Define a Scheme function my-len that calculates the length of a given list. You should implement this function using a tail-recursive helper function. Your function should take one argument, which is the list for which you want to find the length.
(define (len L)
(define (tail-len L k)
(if (null? L) k
(tail-len (cdr L) (+ 1 k))))
(tail-len L 0))
Non tail-recursive version:
(define (my-len L)
(if (null? L)
0
(+ 1 (my-len (cdr L))))
)
The last operation in the tail-recursive tail-len is calling tail-len itself while in the not tail-recursive version the function my-len does and additional operation (+ 1 ...).
Non recursive version:
(define (my-len L)
(let loop ((l L) (k 0))
(if (pair? l)
(loop (cdr l) (+ k 1))
k)
))
To check whether a list is empty:
(null? '()) ; => #t
(pair? '()) ; => #f
Define a procedure prefix that generates a new list containing the first 'n' elements of a given list.
(define (prefix n L)
(define (prefix-tail pre n L)
(if (= n 0)
pre
(if (pair? L)
(prefix-tail (append pre (list (car L))) (- n 1) (cdr L))
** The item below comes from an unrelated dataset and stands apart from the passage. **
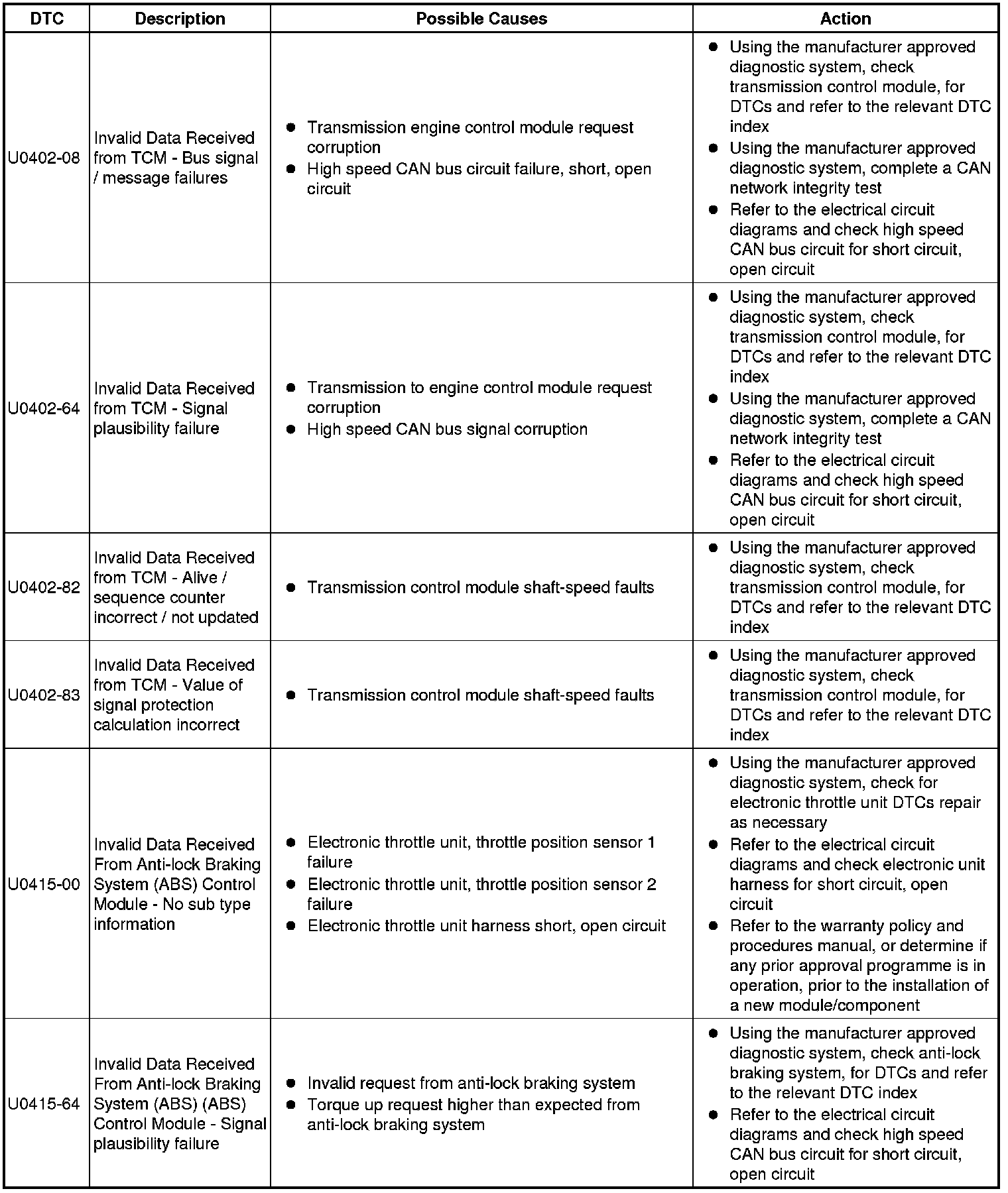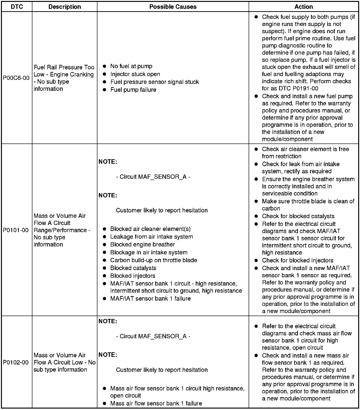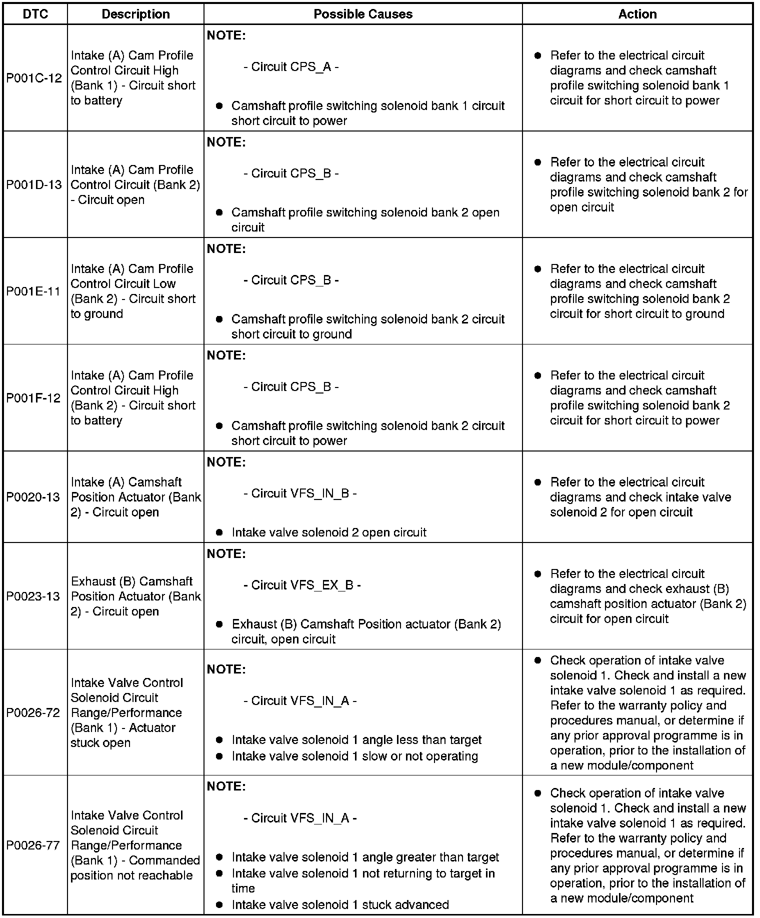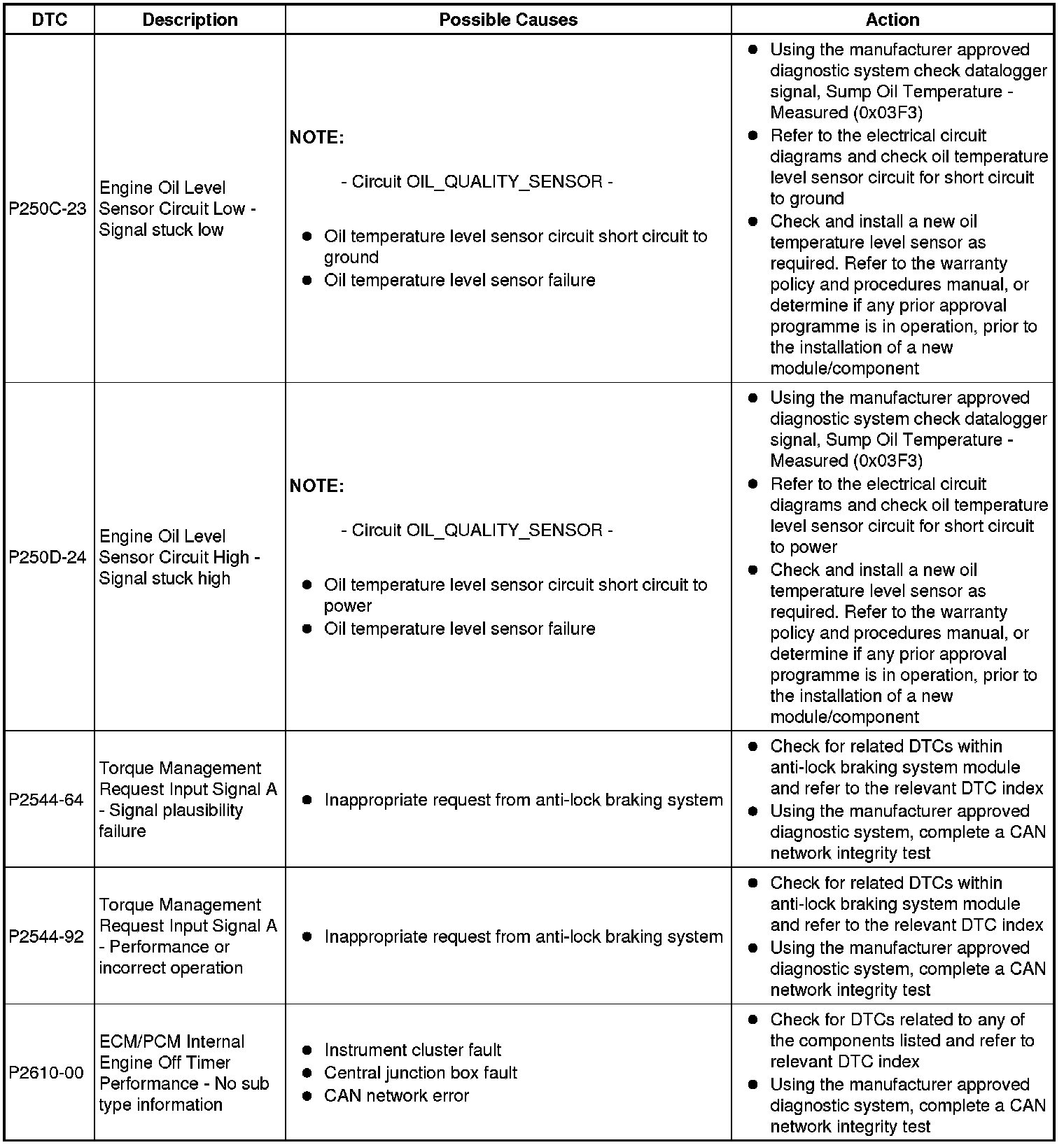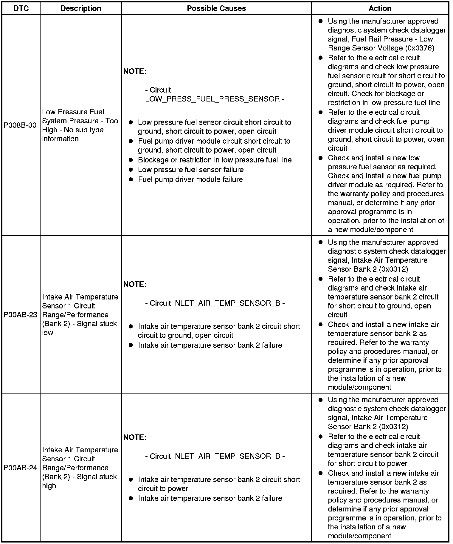 Diagnostic Trouble Code Descriptions

(error "ERROR: prefix length is bigger than list lenght"))))
(prefix-tail '() n L))
cons vs appendThe append procedure takes two lists as arguments and append the second list to the first: it does not accept other types of arguments.
On the other hand cons handles more types, and can be used create pairs of heterogeneous types. Since list in Scheme are save as nested pairs, cons can create a list from an element and a list:
(define l '(1 2 3 4)); is saved as (1.(2.(3.(4.'()))))
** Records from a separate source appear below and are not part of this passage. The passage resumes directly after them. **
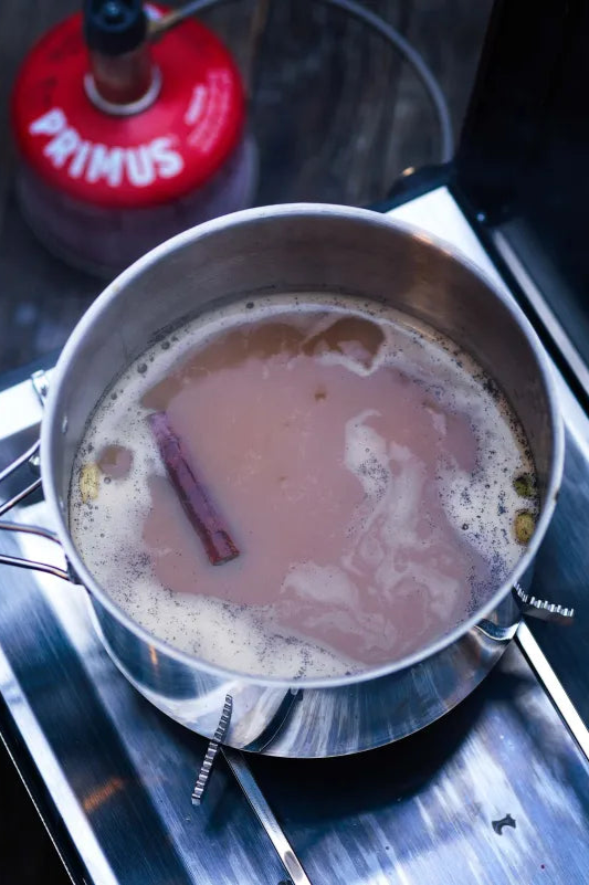 01 Kombinera alla chai-ingredienserna i en 1 liters Primus Campfire-kastrull och värm tills det börjar sjuda.
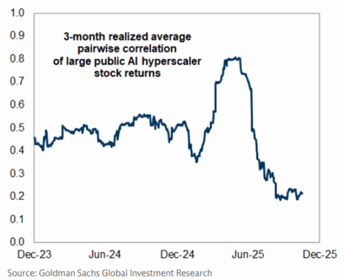 Los eventos de resultados de NVDA han sido decepcionantes para la acción incluso cuando la empresa ha cumplido operativamente. Entre los hyperscalers, unos buenos resultados suelen llevar a una reacción inicial positiva, pero el seguimiento posterior ha sido débil (el debate de crecimiento del beneficio vs múltiplos).
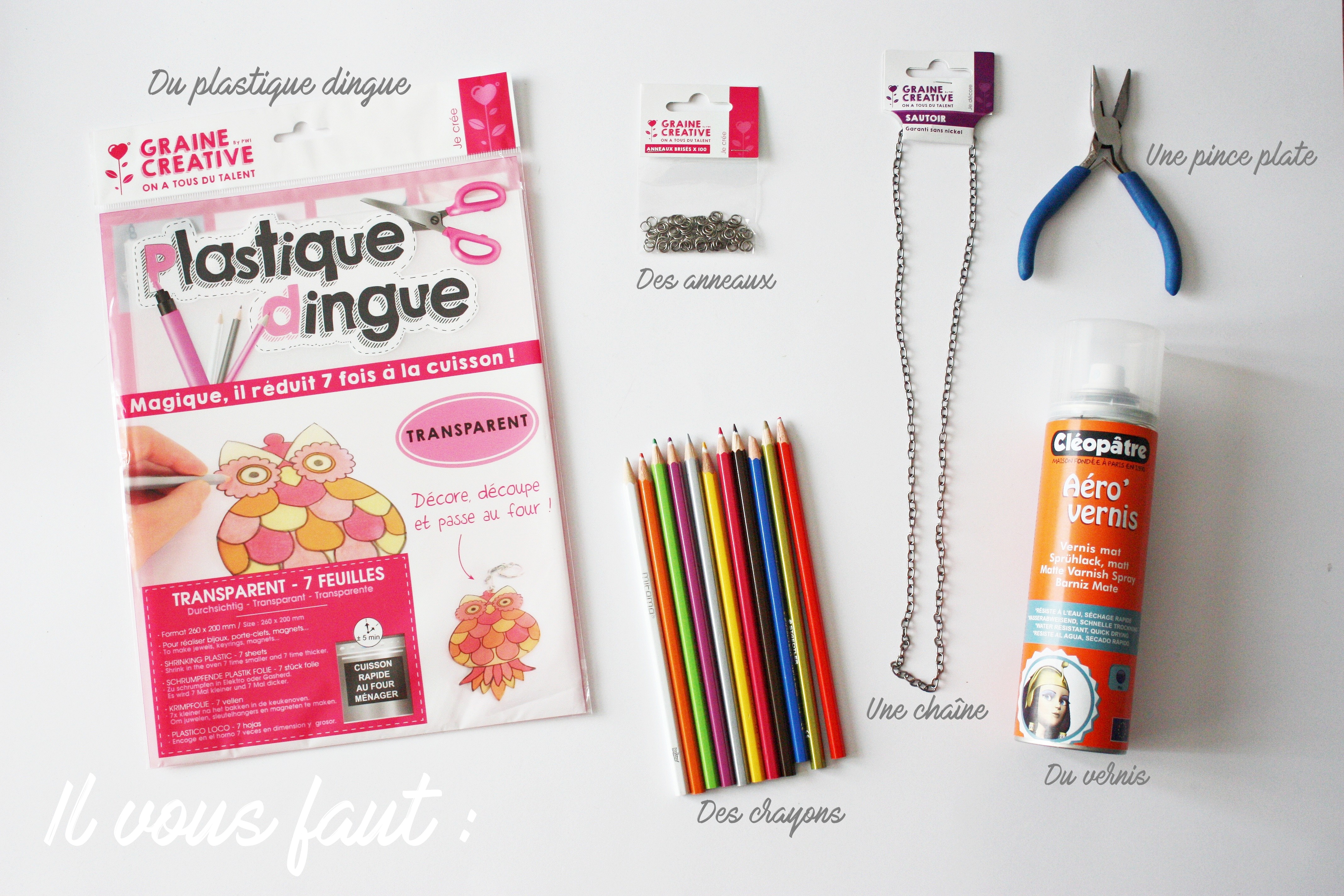 Tous les articles (anneaux, chaîne, plastique dingue) ont été fournis par la marque Graine Créative pour le challenge et je suis ravie de faire partie des participantes. J’ai pu me re-familiariser avec la technique, expérimenter la cuisson au four et voir les débuts plutôt laborieux.

(cons 0 l) ; => '(0 1 2 3 4)
Using cons we can prepend a value to a list.
Here we use cons instead of append to define the prefix procedure:
(define (prefix* n L)
(if (= n 0)
(list (car L))
(cons (car L) (prefix* (- n 1) (cdr L)))))
This function takes the prefix of length
Define a procedure ref that takes a number and list and the return the item whose index is equal to the number.
(define (ref k L)
(if (= k 0)
(car L)
(ref (- k 1) (cdr L))))
The function is tail-recursive.
Define a range procedure that returns a list of numbers:
s, it generates a list of integers from 0 to s - 1.(range 3) (0 1 2 3)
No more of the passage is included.